▶ _YOUR OBJECTIVE_
In the records that follow, find the line containing "Der Cuelees War" and the line containing "Jay: Primary goal", then transcribe both and every line between them exactly, omitting pictures.

AVAILABLE DATA START

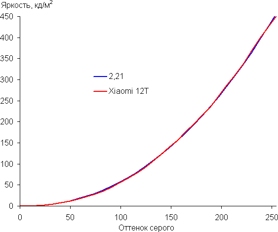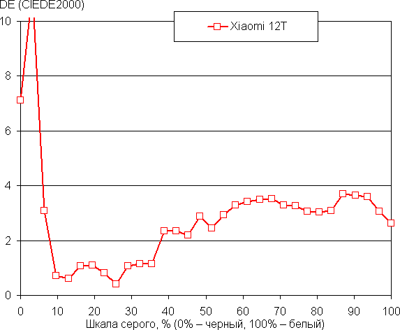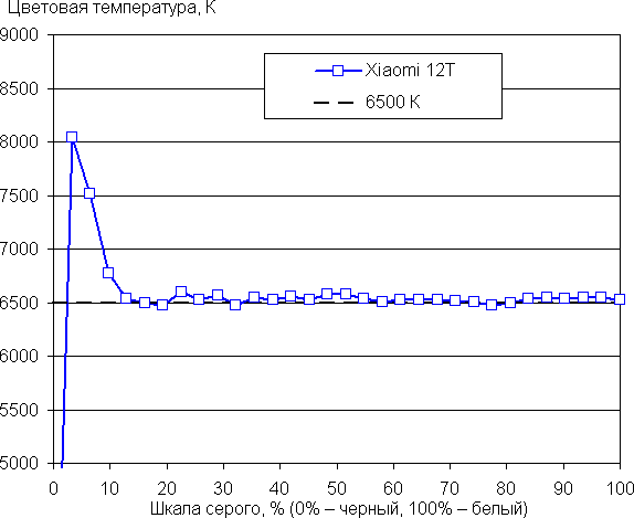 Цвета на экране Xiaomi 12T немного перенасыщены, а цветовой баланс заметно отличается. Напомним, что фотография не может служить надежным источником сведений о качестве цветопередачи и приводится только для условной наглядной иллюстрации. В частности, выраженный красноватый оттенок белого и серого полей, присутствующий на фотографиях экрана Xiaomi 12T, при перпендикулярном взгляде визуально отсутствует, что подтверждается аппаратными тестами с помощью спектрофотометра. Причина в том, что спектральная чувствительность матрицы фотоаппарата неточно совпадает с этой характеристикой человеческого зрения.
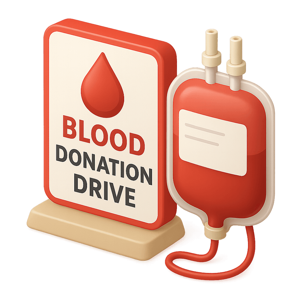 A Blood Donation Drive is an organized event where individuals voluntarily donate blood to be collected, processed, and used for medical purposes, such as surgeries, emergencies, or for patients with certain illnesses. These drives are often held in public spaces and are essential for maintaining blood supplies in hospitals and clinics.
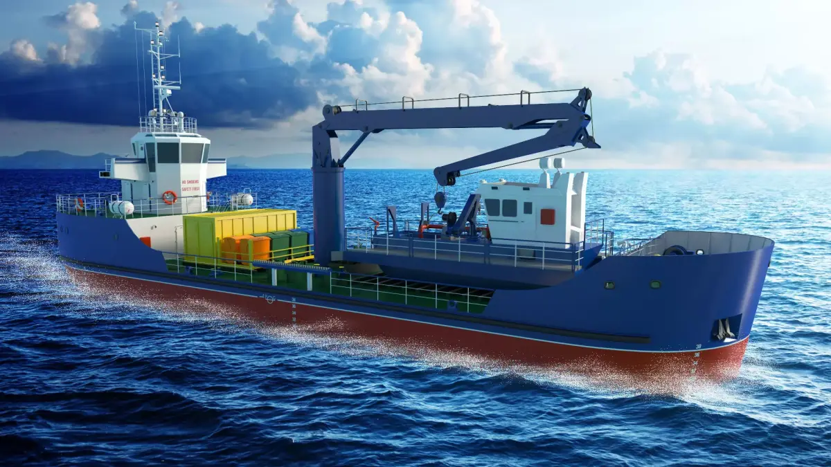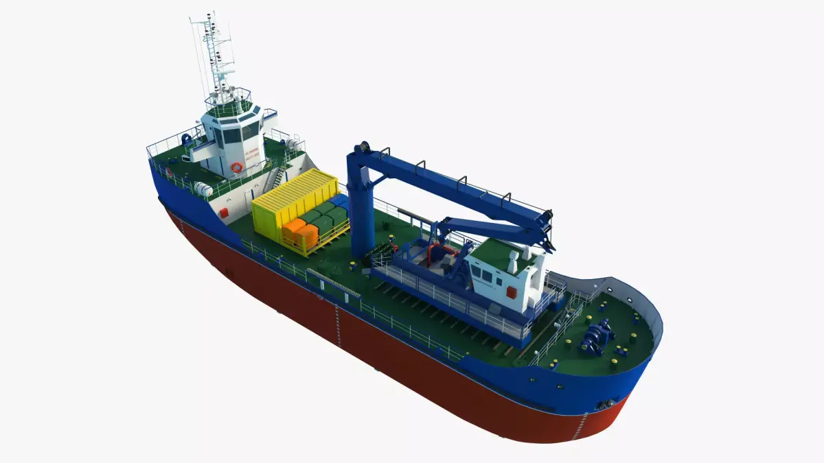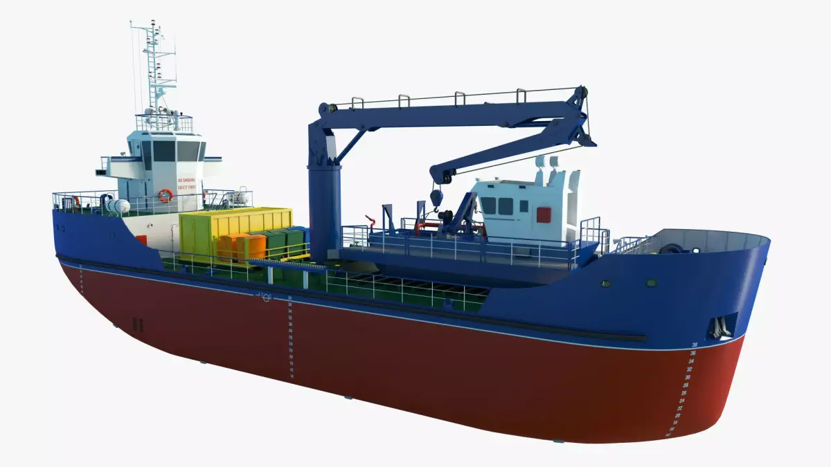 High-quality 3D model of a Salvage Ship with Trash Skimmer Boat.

AVAILABLE DATA END
AVAILABLE DATA START

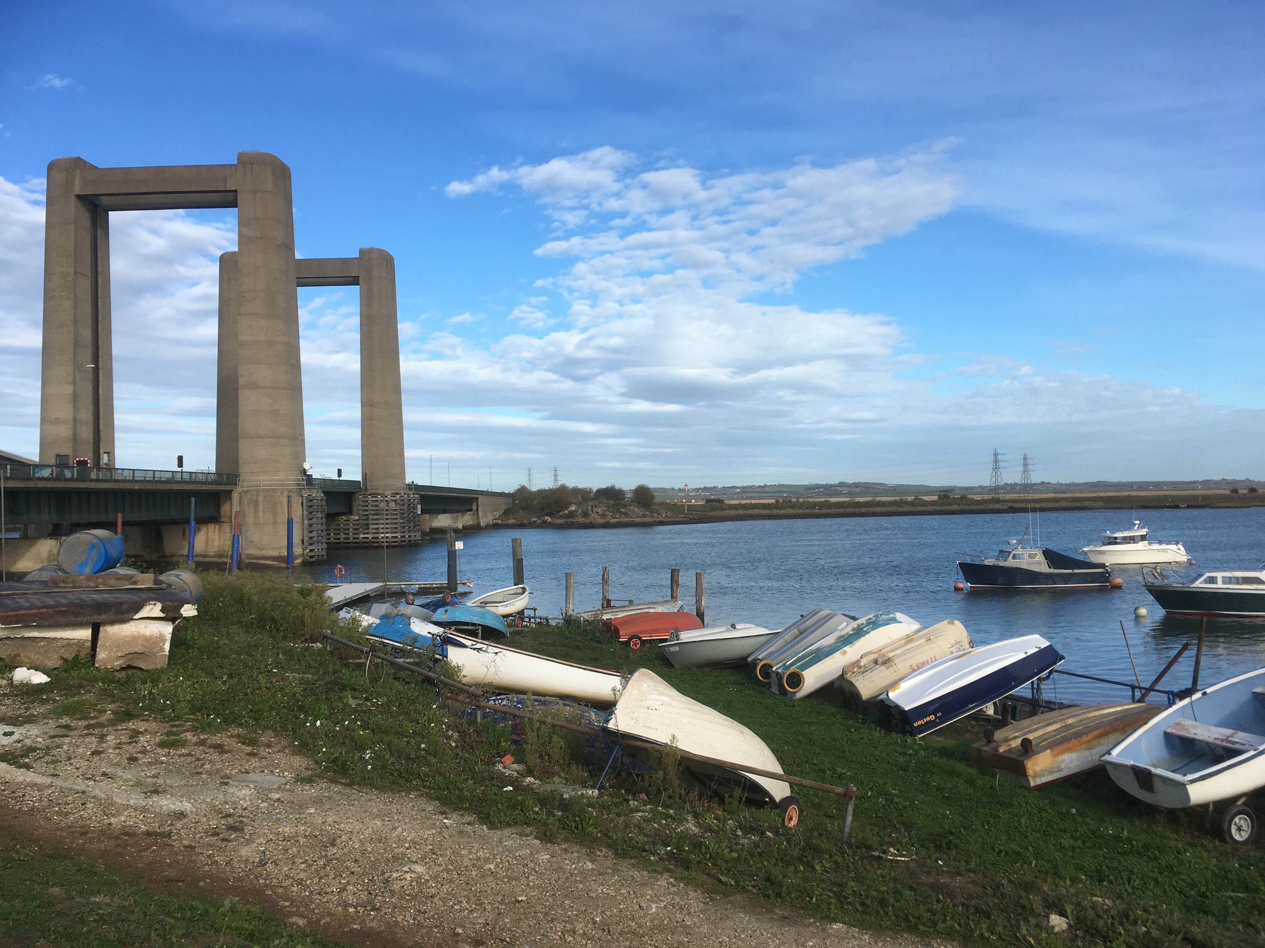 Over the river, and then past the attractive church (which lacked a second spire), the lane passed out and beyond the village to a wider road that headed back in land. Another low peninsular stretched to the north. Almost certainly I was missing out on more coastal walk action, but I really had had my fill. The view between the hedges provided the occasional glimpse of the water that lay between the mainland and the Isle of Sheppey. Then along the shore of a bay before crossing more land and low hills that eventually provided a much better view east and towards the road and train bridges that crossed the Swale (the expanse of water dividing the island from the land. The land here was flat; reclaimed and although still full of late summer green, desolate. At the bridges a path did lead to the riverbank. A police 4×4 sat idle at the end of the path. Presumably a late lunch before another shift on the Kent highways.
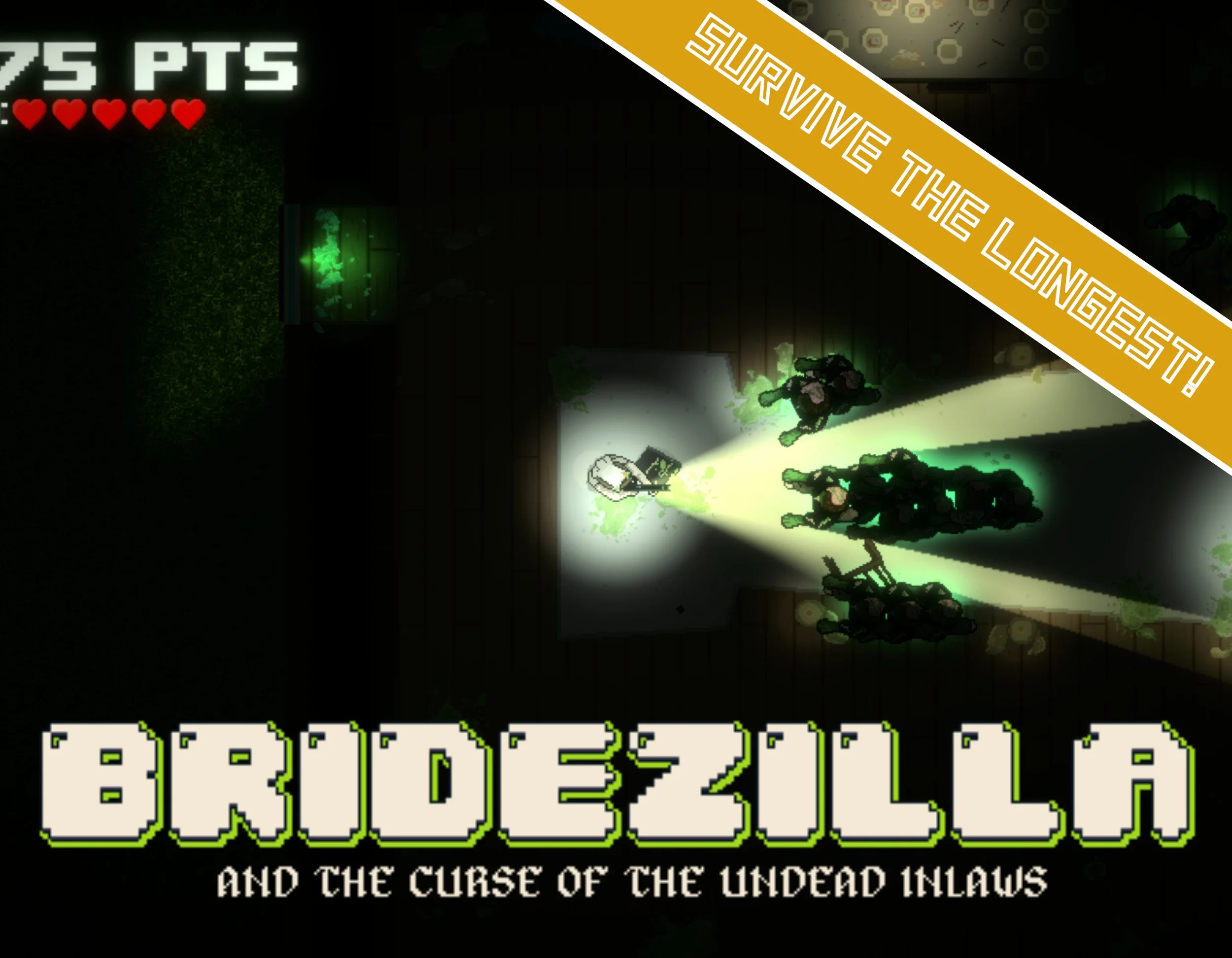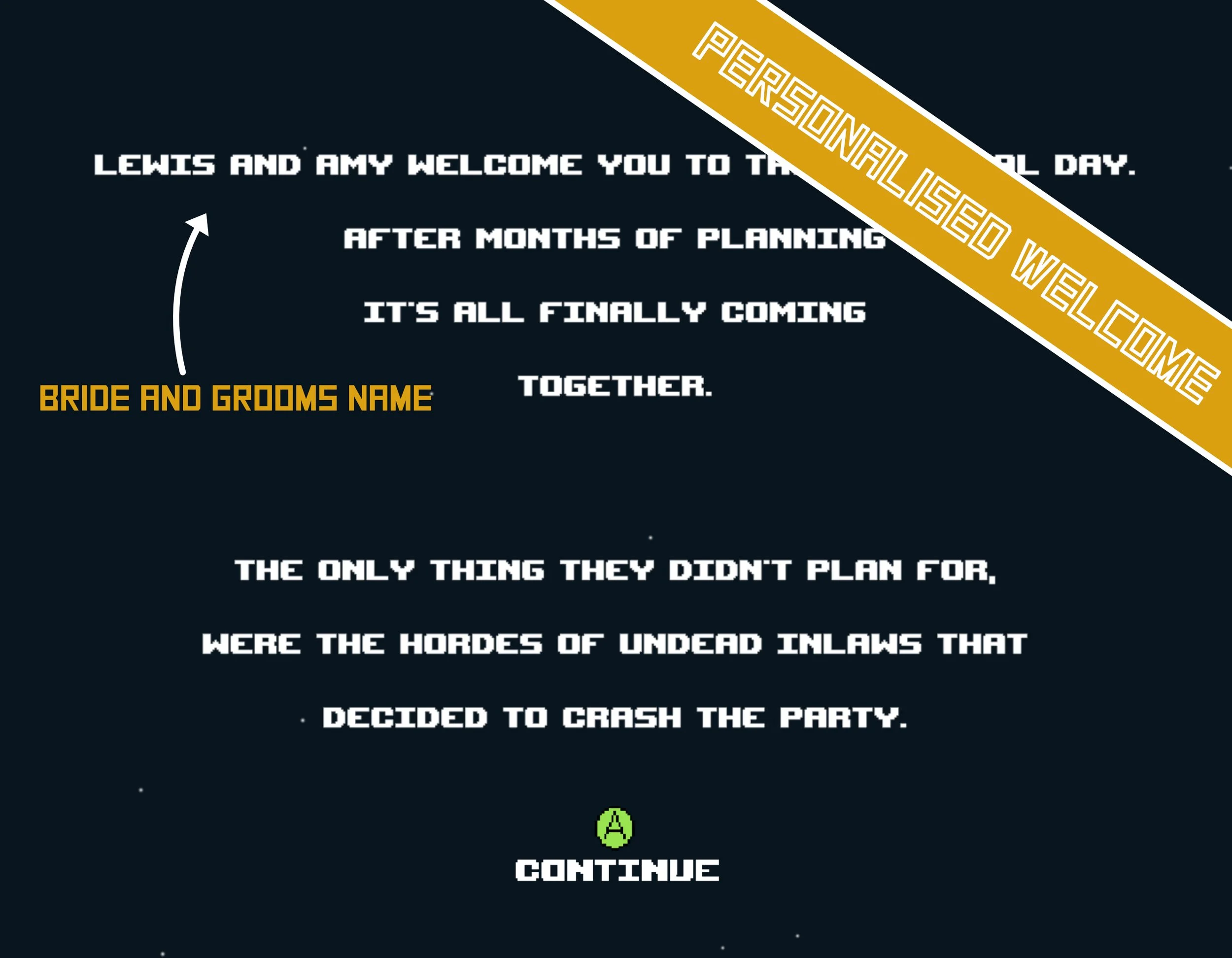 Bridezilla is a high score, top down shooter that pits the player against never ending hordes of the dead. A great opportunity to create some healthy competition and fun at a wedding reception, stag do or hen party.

AVAILABLE DATA END
AVAILABLE DATA START

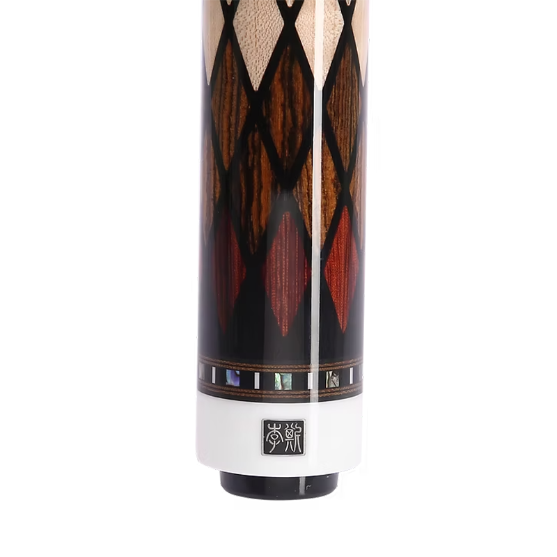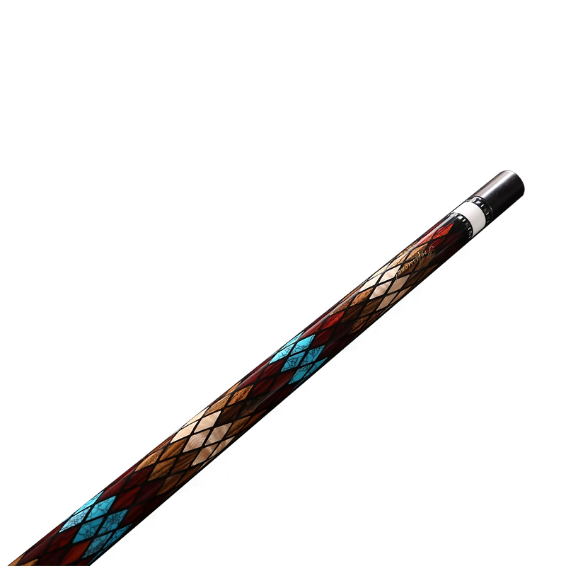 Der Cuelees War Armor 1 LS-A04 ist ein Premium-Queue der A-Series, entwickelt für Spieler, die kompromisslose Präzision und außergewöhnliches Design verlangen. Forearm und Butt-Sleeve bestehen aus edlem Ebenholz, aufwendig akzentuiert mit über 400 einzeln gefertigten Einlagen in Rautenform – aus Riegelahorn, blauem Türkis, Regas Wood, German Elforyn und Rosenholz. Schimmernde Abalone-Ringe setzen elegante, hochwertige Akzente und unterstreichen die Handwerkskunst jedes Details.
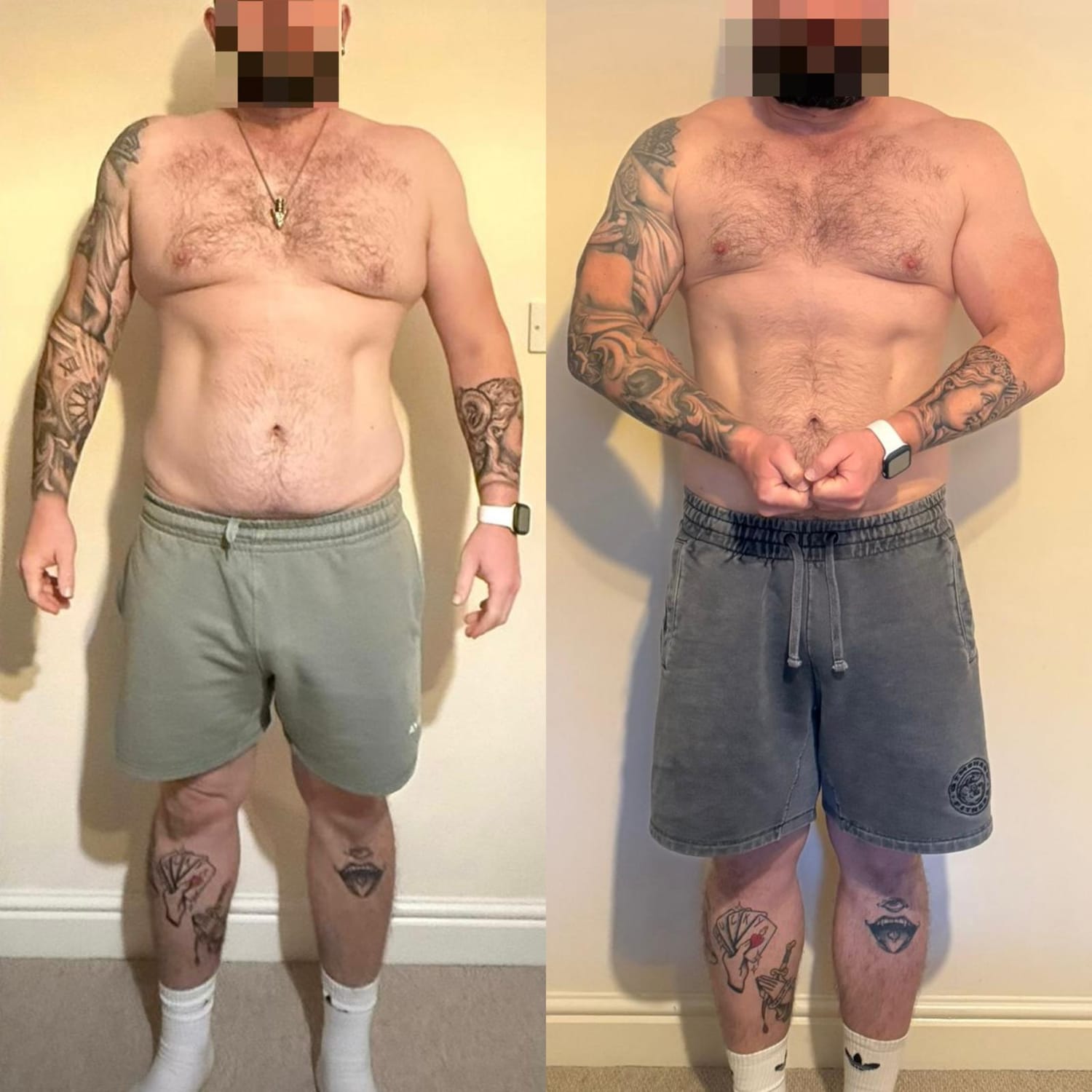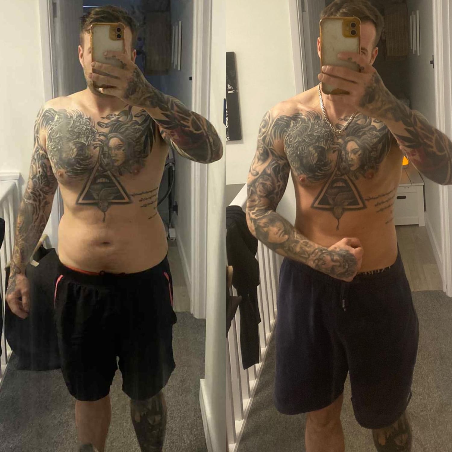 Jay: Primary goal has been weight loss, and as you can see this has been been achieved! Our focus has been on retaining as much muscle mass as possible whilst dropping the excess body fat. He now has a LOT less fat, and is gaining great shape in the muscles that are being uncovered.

AVAILABLE DATA END

▶ _WRITTEN SOLUTION_
 Der Cuelees War Armor 1 LS-A04 ist ein Premium-Queue der A-Series, entwickelt für Spieler, die kompromisslose Präzision und außergewöhnliches Design verlangen. Forearm und Butt-Sleeve bestehen aus edlem Ebenholz, aufwendig akzentuiert mit über 400 einzeln gefertigten Einlagen in Rautenform – aus Riegelahorn, blauem Türkis, Regas Wood, German Elforyn und Rosenholz. Schimmernde Abalone-Ringe setzen elegante, hochwertige Akzente und unterstreichen die Handwerkskunst jedes Details.
 Jay: Primary goal has been weight loss, and as you can see this has been been achieved! Our focus has been on retaining as much muscle mass as possible whilst dropping the excess body fat. He now has a LOT less fat, and is gaining great shape in the muscles that are being uncovered.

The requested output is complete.